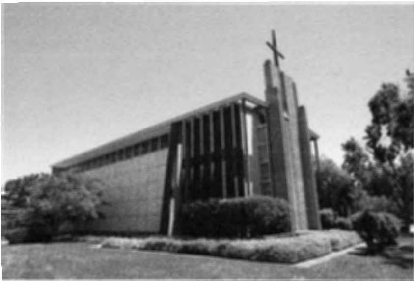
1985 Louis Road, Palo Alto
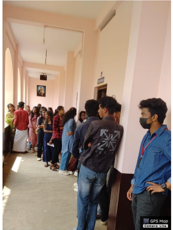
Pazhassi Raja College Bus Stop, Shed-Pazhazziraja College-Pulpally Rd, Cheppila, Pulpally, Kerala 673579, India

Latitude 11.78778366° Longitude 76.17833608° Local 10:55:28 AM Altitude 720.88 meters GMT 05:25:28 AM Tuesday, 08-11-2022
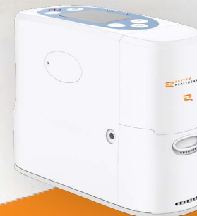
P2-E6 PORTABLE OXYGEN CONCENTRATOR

---

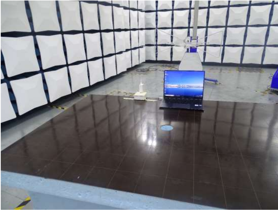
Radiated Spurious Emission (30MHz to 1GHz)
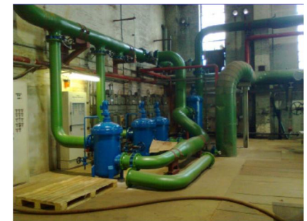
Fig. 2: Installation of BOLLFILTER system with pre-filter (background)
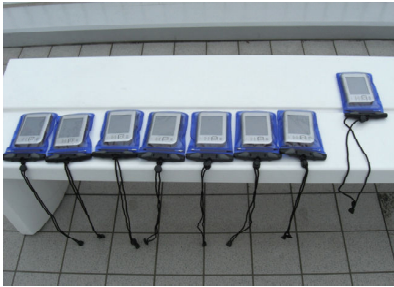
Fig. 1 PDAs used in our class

§ WORK TO BE COMPLETED
Exact copy, no pictures. Write out the lines in the entries above, starting with the line with "Pazhassi Raja College" and going on through the line with "P2-E6 PORTABLE OXYGEN CONCENTRATOR", keeping both.

§ OUTPUT FOR THIS EXERCISE
Pazhassi Raja College Bus Stop, Shed-Pazhazziraja College-Pulpally Rd, Cheppila, Pulpally, Kerala 673579, India

Latitude 11.78778366° Longitude 76.17833608° Local 10:55:28 AM Altitude 720.88 meters GMT 05:25:28 AM Tuesday, 08-11-2022
P2-E6 PORTABLE OXYGEN CONCENTRATOR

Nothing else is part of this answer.